Emails sent to Scotiabank officials for clarification on how many Sheet Harbour area customers would be affected by the decision and a request for information about the disposition of branch staff were not returned, but McInnis said the seven employees concerned have been offered transfers to the bank’s Truro location.
I know them, and they were completely caught off guard,” he said. “Many of them were working toward a pension, and for them it’s a career. They’re not going to pick up and move to Truro.”
For Fraser, that loss of personal service is especially troubling. “As the only branch on the Eastern Shore that is east of Dartmouth, many rural residents in my riding, especially seniors, depend on the in-person service that has been available in Sheet Harbour for many generations,” he said. “I have worked to bring investments to rural communities since I first became a Member of Parliament so they will continue to be vibrant places to live and work for generations to come.”

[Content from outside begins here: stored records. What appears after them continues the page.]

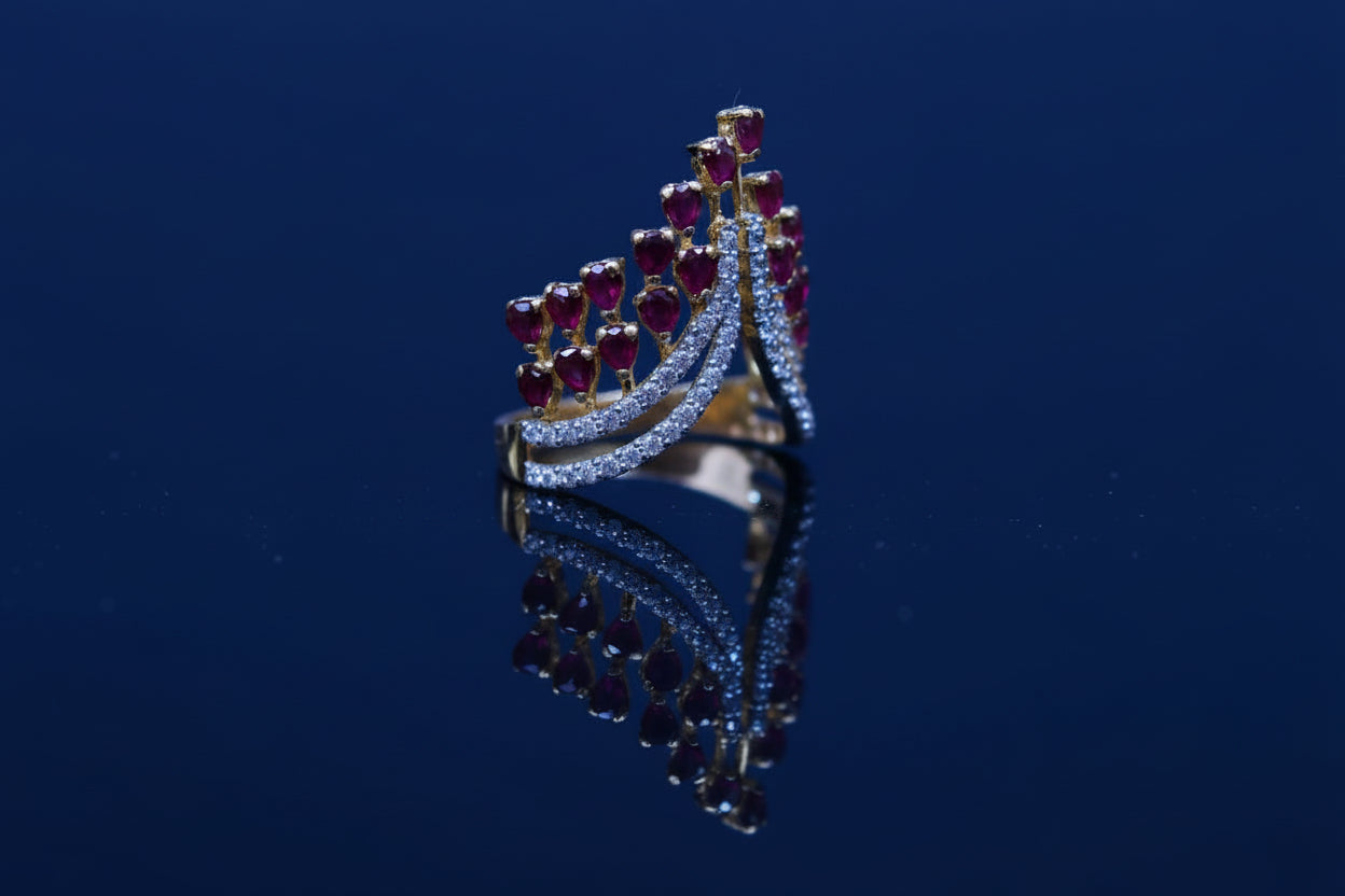 Elevate your presence with the Ruby Tiara, an exquisite crown-inspired ring that commands attention. Crafted from hallmarked 925 sterling silver and finished with rhodium plating, this statement piece features cascading ruby-toned stones arranged in a regal peaked silhouette. The brilliant-cut clear stone border amplifies the crimson hues, creating a luminous, fire-filled glow. Perfect for the woman who refuses to blend in—this is jewelry that speaks of confidence and timeless elegance.
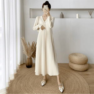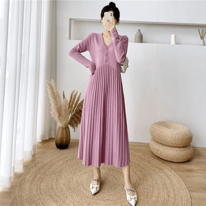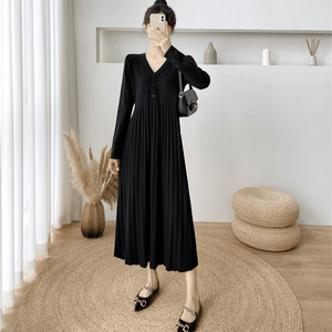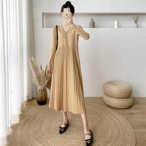 大码裙子长款减龄气质毛衣裙女秋冬经典款极简优雅针织V领连衣裙
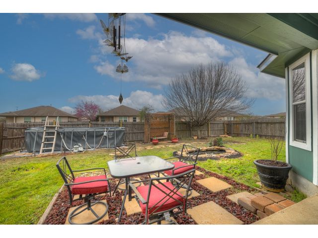 SELLERS NOW OFFERING 5K INCENTIVE TO BUYERS AT CLOSING!!! Welcome Home! This tranquil home in the heart of Kyle, Texas has so many neat features and is ready for you to call it your home! The open floorplan has plenty of space for all of your living and entertainment needs. The gourmet kitchen has been completely remodeled with a gas cooking range, quartz counter tops, custom cabinets and a custom built in kitchen table will make you feel right at home! The home has fresh paint on both the interior walls and exterior trim and siding and luxury vinyl plank flooring in all main areas. The roof is less than 1 year old. The spacious backyard hosts a pond with a solar water pump and a large back patio. The above group pool conveys! Don't miss the Panasonic solar panels that are paid off as an additional bonus to the buyer! Electric bills are as low as $25 per month. Home is within walking distance to schools and the community has a pool, playscape and basketball courts! Don't miss it! Washer, Dryer, Fridge convey! For certain qualified buyers, lender will cover the appraisal cost and contribute up to $2,000 as a closing credit!
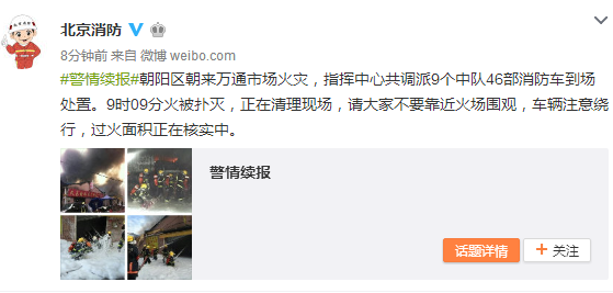 人民網北京2月27日電 據北京市公安局消防局官方微博消息,2月27日7時45分,119指揮中心接到報警,朝陽區朝來萬通市場發生火災,指揮中心立即調派6個中隊33部消防車到場處置。

Just as worrying, McInnnis said, is the message the move sends to the rest of the world, at a time when Sheet Harbour has been working hard to map its economic development, diversify its commercial mix, and strengthen its community infrastructure. “Our town is on the move,” he said. “I’m working on a project now over at the [Port of Sheet Harbour]. We’ve also got the oil rig in there. And Dexter Construction has put in a major quarry. All of this is going to create jobs.”

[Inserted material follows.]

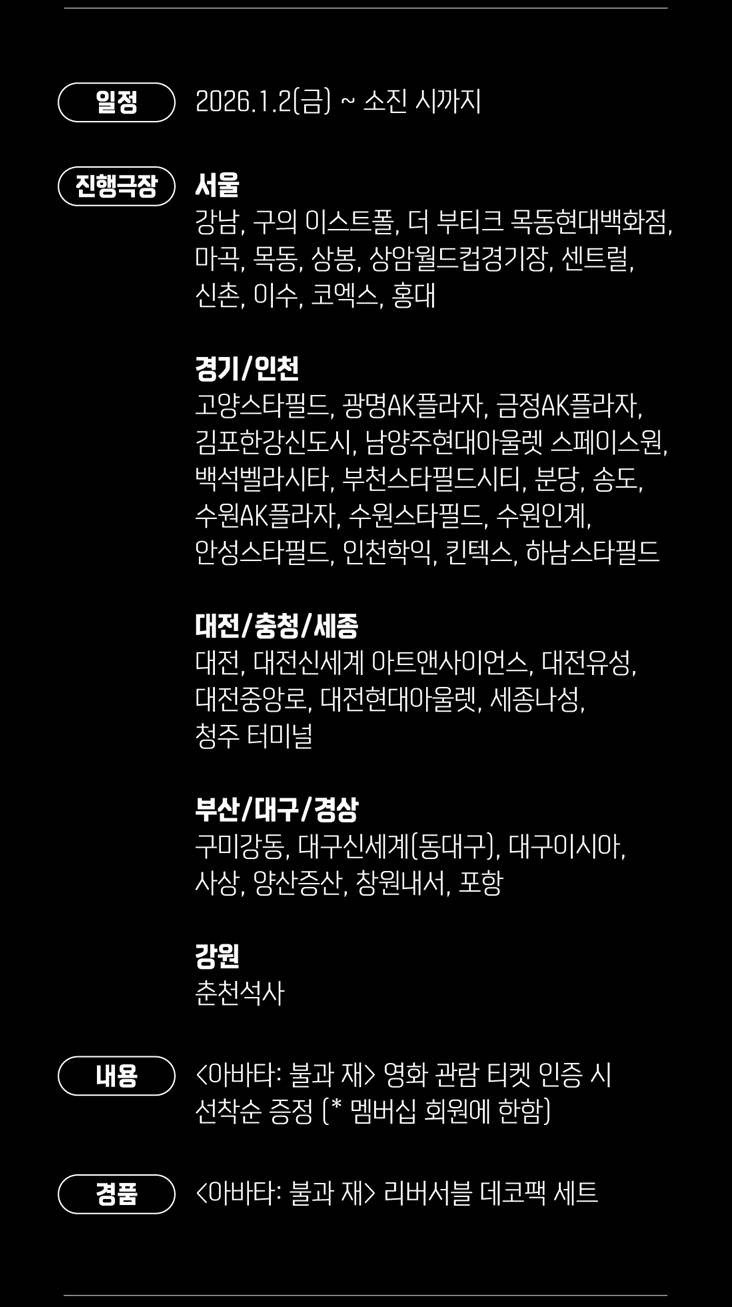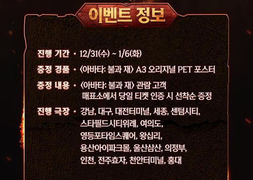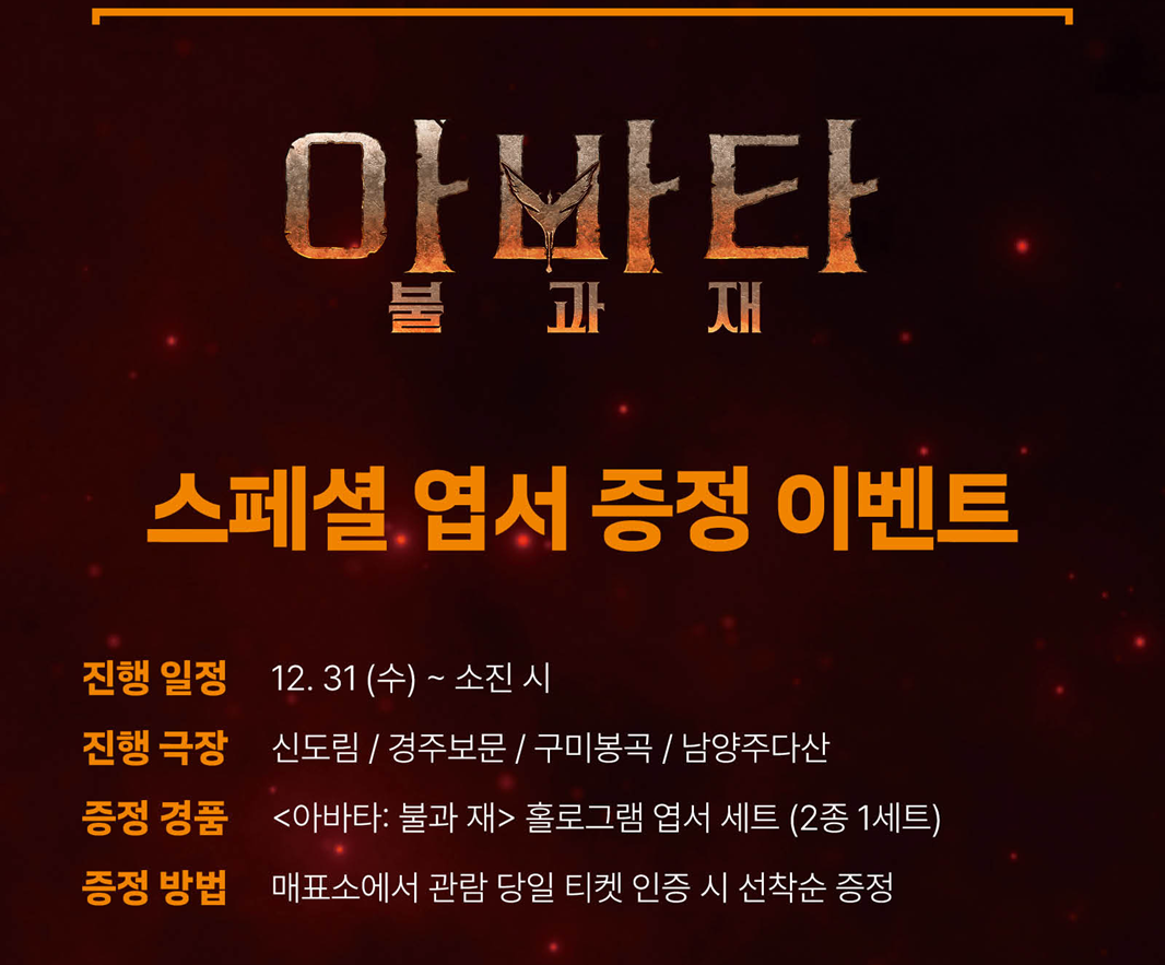 영화 <아바타: 불과 재> 3주 차 특전 목록

Boutilier agreed. Born and raised in the Sheet Harbour area, she said she’s seen a real change for the better in recent years. “We have a brand-new school, and we’re getting a new lifestyle centre. We are in the process of making our community a place that people want to be a part of.”

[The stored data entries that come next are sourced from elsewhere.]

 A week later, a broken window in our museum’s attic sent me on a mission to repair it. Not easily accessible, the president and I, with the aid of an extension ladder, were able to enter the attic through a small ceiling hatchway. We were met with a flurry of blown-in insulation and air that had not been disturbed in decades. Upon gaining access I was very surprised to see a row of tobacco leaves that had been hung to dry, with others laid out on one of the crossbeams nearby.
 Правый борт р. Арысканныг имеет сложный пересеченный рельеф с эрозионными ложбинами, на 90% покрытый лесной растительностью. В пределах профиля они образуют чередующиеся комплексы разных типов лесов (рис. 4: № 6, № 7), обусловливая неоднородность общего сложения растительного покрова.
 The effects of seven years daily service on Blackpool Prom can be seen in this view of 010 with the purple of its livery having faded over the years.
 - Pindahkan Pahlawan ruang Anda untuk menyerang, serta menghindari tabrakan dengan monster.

Neither she nor McInnis buys the argument that the move to online banking will somehow benefit Sheet Harbour, either socially or economically. “One of the things people moving here look at is the number of financial institutions,” Boutilier said. “My husband and I would rather go to the bank, because sometimes you can’t trust [online service].”
What’s more, McInnis noted, the argument that people are increasingly eschewing in-person banking, especially in rural areas, is evidentially wrong; bank branches, he suggested, are as much community centres and gathering places as are other spaces in a small town. “The encouragement of online banking and all this type of thing is pervasive,” he said. “Apparently [we’re told] it’s becoming obsolete to visit a bank. But any time I’ve gone over there [to the Sheet Harbour branch] I’ve had to wait in line.”
Boutilier remains optimistic, if realistic, about the likely impact of her petition. “Sheet Harbour’s sidewalks are not rolling up,” she said. “We’re not just going to say, ‘Okay, go ahead and do what you want to do.’ I think we can be heard. We matter. At end of the day, that’s the bottom line.”
For now, the bank seems settled, if not especially responsive to the criticisms swirling around it.
“Our branches remain a cornerstone of how we serve our customers,” Regional Senior Vice President for Atlantic Canada, David Noel, said in the Scotiabank statement. “The branch is where we form relationships with our customers, build trust with our customers, and where many of our customers have the most important financial conversations of their lives.”